Ablation Therapy of Supraventricular Tachycardia in Elderly Persons

Leonard S. Dreifus, MD; Scott J. Pollak, MD

Disclosures

Am J Geriatr Cardiol. 2005;14(1):20-25. 

In This Article

Focal And Nonparoxysmal Junctional Tachycardia

Although the most frequently occurring varieties of AV tachycardia described previously are paroxysmal in the mode of their onset and offset, a less frequently observed type of accelerated junctional tachycardia (nonparoxysmal nodal tachycardia) occurs in the absence of structural heart disease and is often associated with digitalis excess, acute myocardial infarction, cardiac surgery, and hypokalemia.[10,11]

The electrophysiologic mechanism may be due to either enhanced automaticity or triggered activity. In contrast to the paroxysmal variety, the nonparoxysmal type develops gradually and disappears slowly. The rate of these tachycardias usually exceeds 70 bpm. Figure 4 illustrates an example of nonparoxysmal junctional tachycardia. Note the gradual onset of the junctional mechanism as the sinus cycle length increases from 635-670 milliseconds while the ectopic rhythm usurps the sinus rhythm at a more rapid cycle length of 610 milliseconds. Figure 5 describes the CARTO map in the RAO projection. The right atrial electrogram tag identifies the site of earliest retrograde atrial activation during the tachycardia. However, the catheter icon (sinoatrial) identifies the site of successful ablation of the tachycardia. The value of the electroanatomical mapping was seen in this case to be 2.16 cm between the earliest site of retrograde atrial activation and the successful ablation site. In elderly persons, management of atrial arrhythmias, especially atrial fibrillation, continues to be associated with major morbidity, mortality, frequent hospitalization, and high health costs. Newer antiarrhythmic agents are more successful and less toxic than quinidine or procainamide, but still are associated with major side effects.

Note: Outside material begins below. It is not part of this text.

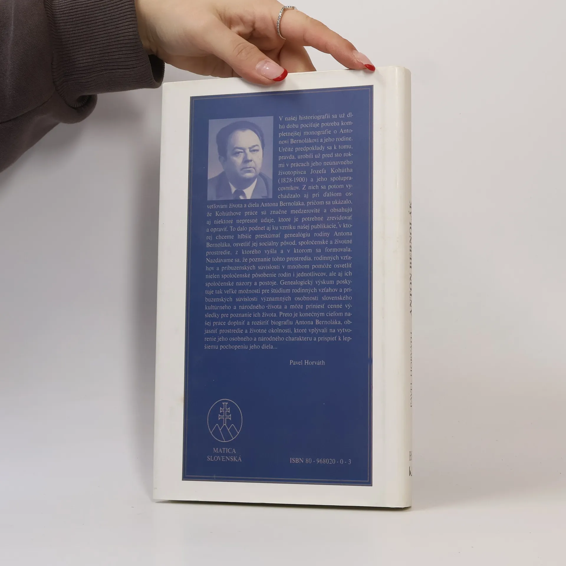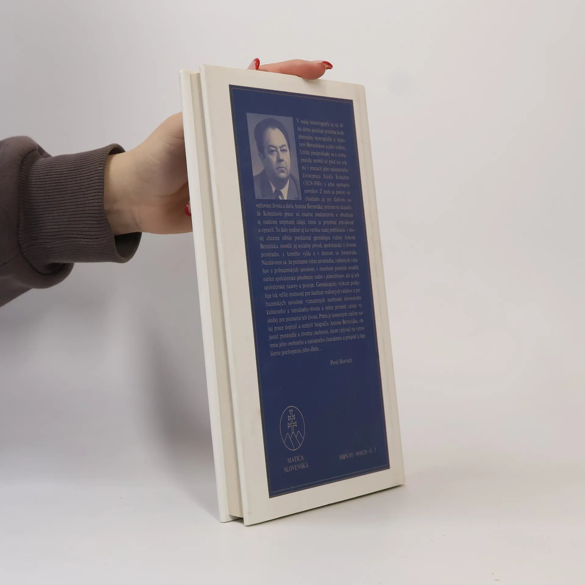 Komplexná monografia o živote a diele Antona Bernoláka - základnej osobnosti slovenského národného vývoja. V knihe sú podrobne zachytené nielen jeho životné osudy a osudy jeho diela, ale aj rodinné prostredie, z ktorého vyšiel, školy, na ktorých sa vzdelával a aj miesta, kde ako kňaz pôsobil v pastorácii alebo v cirkevných funkciách. Okrem toho je venovaná pozornosť aj osobnostnému a národnému profilu Antona Bernoláka, jeho rukopisnej a knižnej pozostalosti, posmrtným osudom jeho diela a nakoniec ucteniu jeho pamiatky vo forme rôznych pamätníkov alebo prejavov v umeleckej literatúre a vo výtvarnom umení.
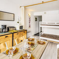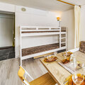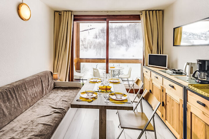 1-room studio 22 m2 on 8th floor. Beautiful furnishings: living/sleeping room with 1 x 2 bunk beds (90 cm, length 190 cm), 1 pull-out bed (2 pers. 2 x 80 cm, length 190 cm), TV (flat screen). Exit to the balcony, south facing position. Kitchenette in the entrance (oven, 2 ceramic glass hob hotplates, toaster, kettle, microwave, electric coffee machine, raclette grill, fondue Set (cheese)). Bath/WC. Electric heating. Parquet floors. Balcony 4 m2, south facing position. Balcony furniture. View of the ski run. Facilities: hair dryer. Internet (WiFi, extra). Please note: maximum 1 pet/ dog allowed. Smoke alarm. Offer by a private individual according to Art. 155, IV of CGI.

Electrocardiogram showing nonparoxysmal junctional tachycardia. Note the gradual onset of the junctional mechanism as the sinus cycle length increases from 635 to 670 milliseconds while the ectopic rhythm usurps the sinus rhythm at a more rapid cycle length of 610 milliseconds.

Carto (Biosense Webster, Diamond Bar, CA) map in the right anterior oblique projection. PH=proximal His; RCS=roof of coronary sinus; Suc AB=successful ablation; FCS=floor of coronary sinus.

The development of ablative techniques can offer patients a permanent cure as well as freedom from troublesome antiarrhythmic drugs. Ablative technology and innovative mapping procedures are still evolving.